The Truth about "Long Text": Battle Royale among Domestic Large Models

Thu, Mar 28 2024 08:14 AM EST

How hot is Kimi? Single-handedly disrupting the A-share market and the large model arena.

The Kimi concept stock has ignited the capital market for several consecutive days, with multiple concept stocks hitting the limit up. In a bullish trend, everyone wants to get a piece of the action. According to incomplete statistics from LightCone Intelligence, currently, at least ten listed companies including Duokewenhua, Zhangyue Technology, and Wanxing Technology have announced through public notices that they are understanding or accessing the Kimi intelligent assistant.

Seeing Kimi's popularity soaring, major players are also eager to join the battle of the large models with "long text" overnight.

Benchmarking Kimi's 2 million-word parameter volume, Baidu Wenxin Yiyuan will open up long text processing capabilities ranging from 2 to 5 million words next month, a hundredfold increase from its previous maximum document processing capacity of 28,000 words. Alibaba Tongyi Qianwen announced an upgrade, opening up to a maximum of 10 million words for long text processing. 360 Zhibrain is currently in internal testing for 5 million words, and after the official upgrade, the functionality will be integrated into the 360 AI browser.

These four Chinese large model companies are pushing the boundaries of long text capabilities to new heights. For reference, the current strongest champion of large models, OpenAI's GPT-4 Turbo-128k, can process text with a capacity of approximately 100,000 Chinese characters, while Claude3-200K, specializing in long text processing, has a context processing capacity of around 160,000 Chinese characters.
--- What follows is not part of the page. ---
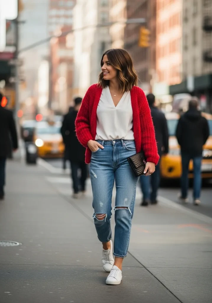 This look is the perfect mix of cozy and cool. She’s wearing a soft red chunky knit cardigan over a crisp white blouse, paired with slightly distressed blue jeans that hit just above the ankle. White sneakers keep things casual and comfortable, while a small quilted black clutch adds a touch of polish. The whole outfit feels easy-going yet pulled together, like she just stepped out for coffee and somehow looked effortlessly stylish doing it.

But even though they are all "long," some are like Sun Wukong, while others are like the Six-eared Macaque.

A source in the large model industry told LightCone Intelligence, "Indeed, some companies are using RAG (Retrieval Augmented Generation) to confuse the situation. Lossless long text and RAG each have their own advantages and points of convergence, but fundamentally they are different technologies... It's easy to confuse the situation with the term 'long text.'"

"Baidu, Alibaba, 360, most likely all use RAG solutions," the industry insider added.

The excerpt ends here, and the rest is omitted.